Николай Леонов - Козырные валеты
Дежурный только глянул на Ивана и Кирилла, понял: наконец-то доставили людей нужных и можно балаган сворачивать.
– Со всех снять отпечатки пальцев. Имеется распоряжение мэра о борьбе с бродяжничеством и о тщательной зачистке Москвы.
– Я похож на бомжа? – спросил Кирилл.
– В очередь, гражданин, у нас привилегий не оказывают, не Дума.
– А если я член Думы?
– Присядьте на скамейку, не теряйте время.

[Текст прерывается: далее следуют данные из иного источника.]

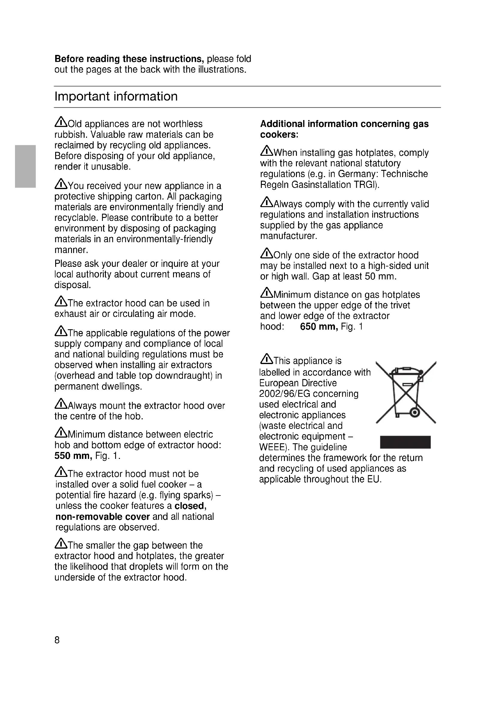 0 leuchtet, zusätzlich die Taste drücken, bis die Anzeige C oder ~ leuchtet. Danach die Taste loslassen. Abluftbetrieb in Umluftbetrieb: ❑ Die Anzeige C erlischt nach kurzer Zeit. Die elektronische Steuerung ist auf Umluftbetrieb eingestellt. Umluftbetrieb in Abluftbetrieb: ❑ Die Anzeige ~ erlischt nach kurzer Zeit. Die elektronische Steuerung ist auf Abluftbetrieb eingestellt.8 Important information Additional information concerning gas cookers: When installing gas hotplates, comply with the relevant national statutory regulations (e.g. in Germany: Technische Regeln Gasinstallation TRGI). Always comply with the currently valid regulations and installation instructions supplied by the gas appliance manufacturer. Only one side of the extractor hood may be installed next to a high-sided unit or high wall. Gap at least 50 mm. Minimum distance on gas hotplates between the upper edge of the trivet and lower edge of the extractor hood: 650 mm, Fig. 1 Old appliances are not worthless rubbish. Valuable raw materials can be reclaimed by recycling old appliances. Before disposing of your old appliance, render it unusable. You received your new appliance in a protective shipping carton. All packaging materials are environmentally friendly and recyclable. Please contribute to a better environment by disposing of packaging materials in an environmentally-friendly manner. Please ask your dealer or inquire at your local authority about current means of disposal. The extractor hood can be used in exhaust air or circulating air mode. The applicable regulations of the power supply company and compliance of local and national building regulations must be observed when installing air extractors (overhead and table top downdraught) in permanent dwellings. Always mount the extractor hood over the centre of the hob. Minimum distance between electric hob and bottom edge of extractor hood: 550 mm, Fig. 1. The extractor hood must not be installed over a solid fuel cooker – a potential fire hazard (e.g. flying sparks) – unless the cooker features a closed, non-removable cover and all national regulations are observed. The smaller the gap between the extractor hood and hotplates, the greater the likelihood that droplets will form on the underside of the extractor hood. Before reading these instructions, please fold out the pages at the back with the illustrations. This appliance is labelled in accordance with European Directive 2002/96/EG concerning used electrical and electronic appliances (waste electrical and electronic equipment – WEEE). The guideline determines the framework for the return and recycling of used appliances as applicable throughout the EU.9 Prior to installation Exhaust-air mode Fig. 2 The exhaust air is discharged upwards through a ventilation shaft or directly through the outside wall into the open.

Через полчаса у киллеров проверили липовые паспорта, главное, сняли отпечатки пальцев. Вскоре их проверили по компьютеру, как генерал Орлов и ожидал, в компьютере данных отпечатков не имелось. Ничего, теперь гости будут ходить на цыпочках.
Глава 4
Генерал-полковнику Фридину Петру Васильевичу исполнилось пятьдесят девять, в шестьдесят увольняют, и последний год будущие отставники практически ничего не делают. Фридин был вдовец, имел двух сыновей, двух дочек и пятерых внуков. Казавшийся громадным трехэтажный особняк еле вмещал всех любимых и ненаглядных, иных в семье не было. Да еще вдобавок две снохи и два зятя. Редкий день, когда семья собиралась в полном составе, генерал надевал парадный мундир, выстраивал не по семьям, а по росту, давал команду:
– Смирно! Равнение направо! По порядку номеров рассчитайсь!
– Неполная боевая единица! Но воюют не количеством, а…
– Умением! – довольно дружно отвечал строй и, не дождавшись команды «Разойдись», рассыпался за стол.
Мужчины выпивали, женщины пригубливали, пацаны и пацанки глотали пепси и фанту.
С год назад, когда о пенсии еще никто и не заикался, хозяин после обеда шепнул старшему сыну:
– Собирай мужиков ко мне в кабинет, разговор имеется.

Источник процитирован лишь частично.